# Retrofit Independent Ventilation System?



## frooky (Oct 10, 2004)

Is it possible to retrofit the Independent Ventilation System that is included with the Navigation System option on the e39? I'm not even sure if retrofit is the right word... is it a function that is already on the onboard computer that can only be accessed by the nav unit or is it specifically part of the nav computer? I've been searching the different BMW forums for info on this with no luck so far. I'm going to be purchasing either a 528i or 530i and this feature would be really nice to have since my car sits outside all day at my work. I'm just wondering if I need to find a car that already has nav or if i can use the ventilation system without it. It would also be nice to know if the people that have the system actually use it or if it's just a waste of time.

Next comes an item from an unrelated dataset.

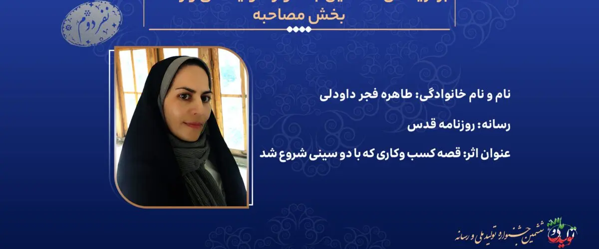 نفر دوم/ «طاهره فجر داودلی» از «روزنامه قدس» برای مصاحبه‌ای با عنوان «قصه کسب وکاری ... ادامه مطلب

Any help on this subject is appreciated!


----------



## Tyrone (Apr 17, 2003)

frooky said:


> Is it possible to retrofit the Independent Ventilation System that is included with the Navigation System option on the e39? I'm not even sure if retrofit is the right word... is it a function that is already on the onboard computer that can only be accessed by the nav unit or is it specifically part of the nav computer? I've been searching the different BMW forums for info on this with no luck so far. I'm going to be purchasing either a 528i or 530i and this feature would be really nice to have since my car sits outside all day at my work. I'm just wondering if I need to find a car that already has nav or if i can use the ventilation system without it. It would also be nice to know if the people that have the system actually use it or if it's just a waste of time.
> 
> Any help on this subject is appreciated!


The park ventilation feature is a function of the high on-board computer. You're looking at about $700 for a retrofit with new parts.


----------



## frooky (Oct 10, 2004)

Is that $700 for both the 528i and the 530i? I'm still a little bit confused on exactly what the high OBC is. I read a couple of threads on here about it, but it only confused me more. LOL! As I understand it, the high OBC has nothing to do with the Nav system specifically, right? What option pack gives you the high OBC?

I apologize for my ignorance.


----------